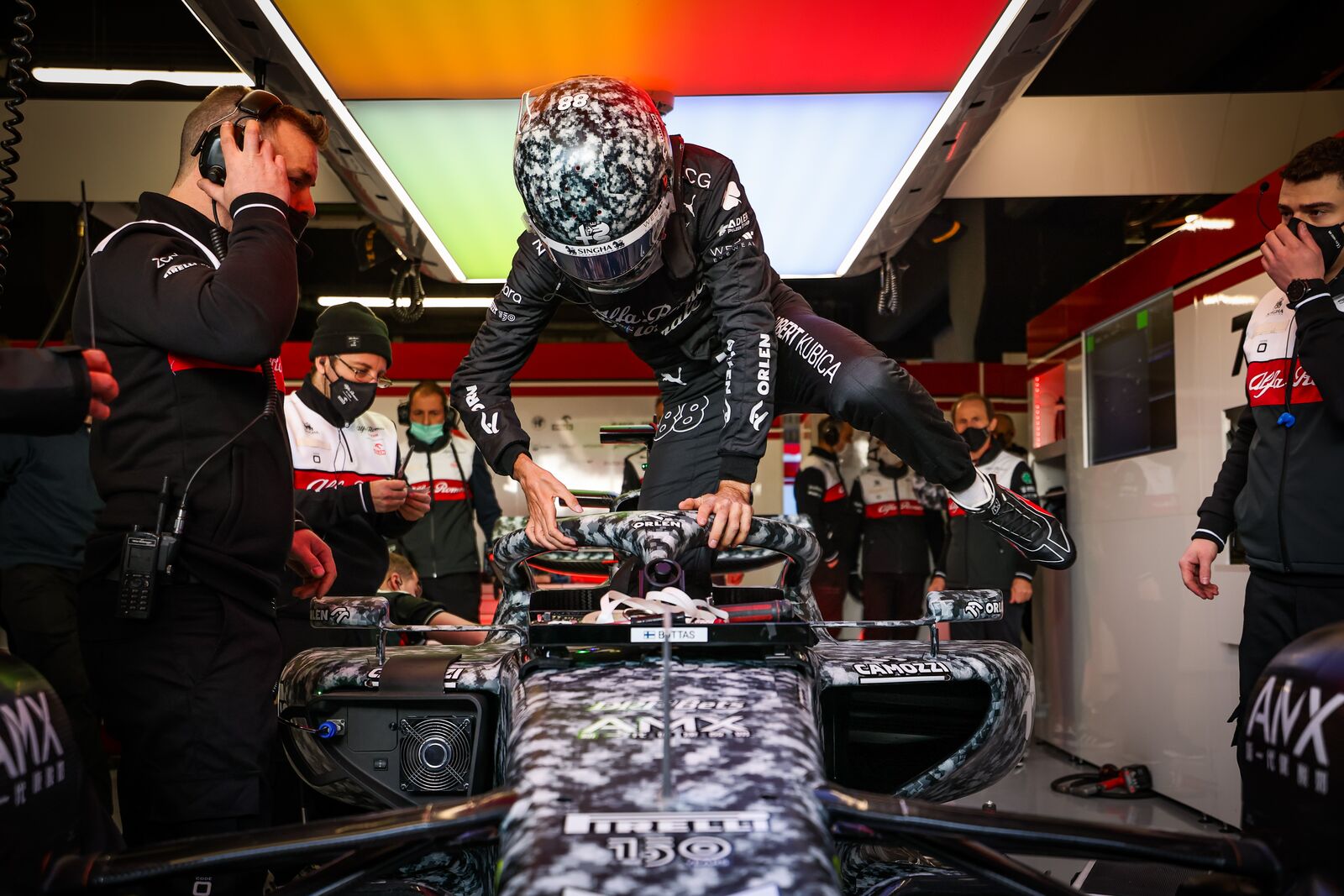【高清图】周冠宇首次身披阿尔法罗密欧队服现身车房
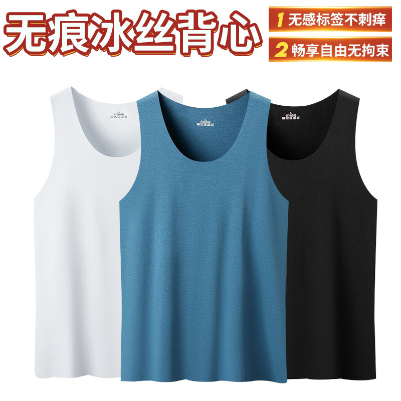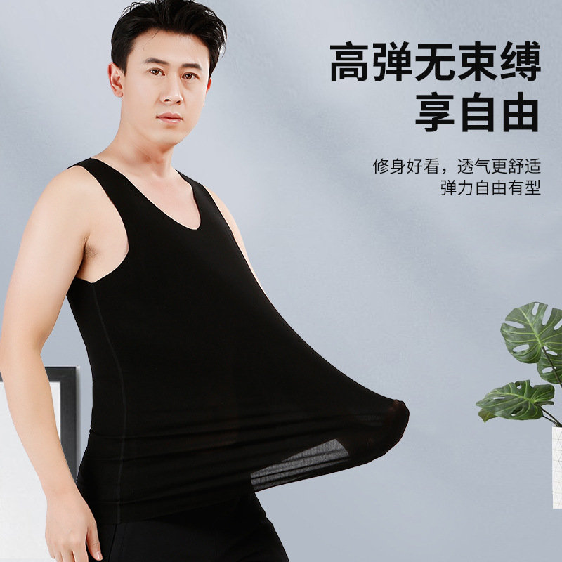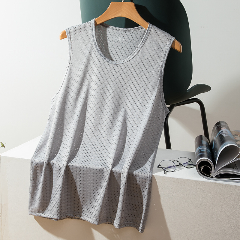 メンズメッシュベストインナーウェアボトムシームレスワイドショルダーベストメンズ夏アイスシルクスポーツハードルホワイトスウェットシャツトレンディ
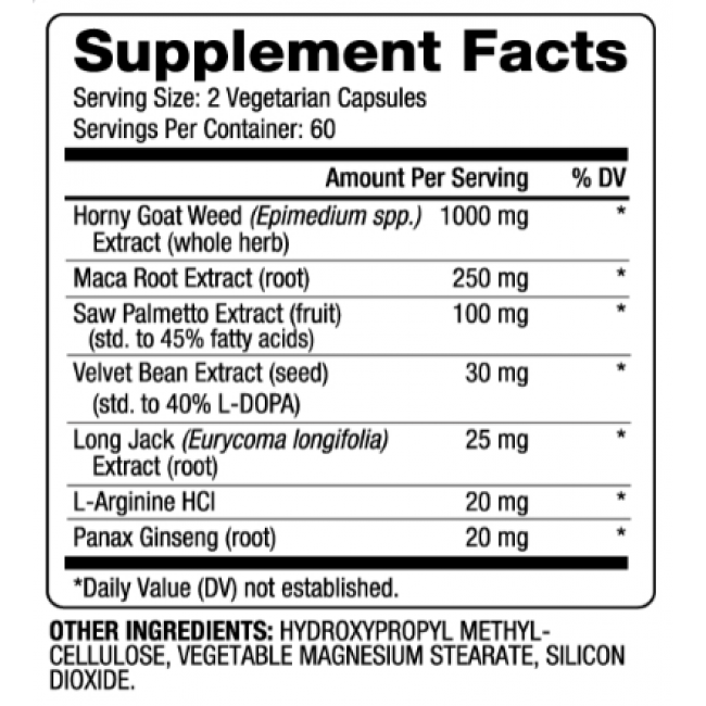 Всяка капсула съдържа уникален и мощен комплекс от билки, стимулиращ сексуалната дейност и при двата пола, изострящ сетивните нерви и увеличаващ сексуалното желание. Комбинацията с Мака прави Horny Goat Weed Plus ултиматният продукт за стимулиране собственото производство на тестостерон и увеличаване на силата и потентността.
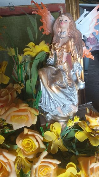 Deliziosa composizione con una fatina e fiori artificiali. - Fatina con ali colorate. - Fiori di colore giallo e rosa pesca. - Ideale per decorazioni. Dimensioni 30x 20x 33h
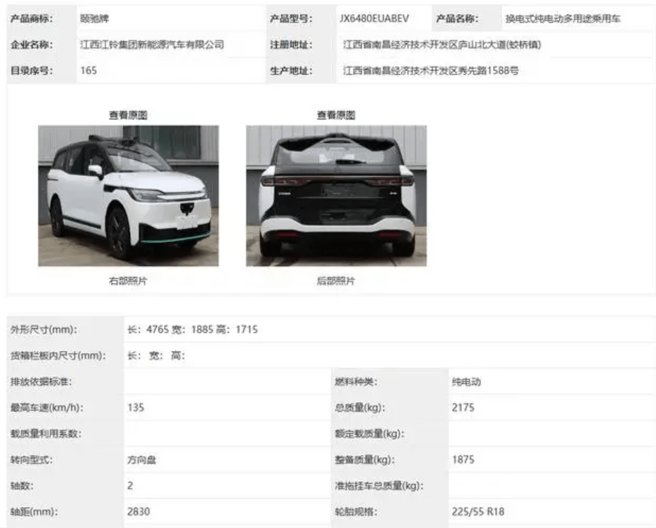 从此前公布的申报信息来看,该车被定义为“换电式纯电动多用途乘用车”,生产企业为江铃集团新能源汽车有限公司。虽然车尾标注了RT6,但产品商标还是显示为“颐驰牌”,这也是继大道之后,江铃推出的又一全新品牌,不过目前官方对此还没有更多消息爆出。

What to produce: Return the whole listing word for word. Pictures stay out of it.

Answer area:
【高清图】周冠宇首次身披阿尔法罗密欧队服现身车房
 メンズメッシュベストインナーウェアボトムシームレスワイドショルダーベストメンズ夏アイスシルクスポーツハードルホワイトスウェットシャツトレンディ
 Всяка капсула съдържа уникален и мощен комплекс от билки, стимулиращ сексуалната дейност и при двата пола, изострящ сетивните нерви и увеличаващ сексуалното желание. Комбинацията с Мака прави Horny Goat Weed Plus ултиматният продукт за стимулиране собственото производство на тестостерон и увеличаване на силата и потентността.
 Deliziosa composizione con una fatina e fiori artificiali. - Fatina con ali colorate. - Fiori di colore giallo e rosa pesca. - Ideale per decorazioni. Dimensioni 30x 20x 33h
 从此前公布的申报信息来看,该车被定义为“换电式纯电动多用途乘用车”,生产企业为江铃集团新能源汽车有限公司。虽然车尾标注了RT6,但产品商标还是显示为“颐驰牌”,这也是继大道之后,江铃推出的又一全新品牌,不过目前官方对此还没有更多消息爆出。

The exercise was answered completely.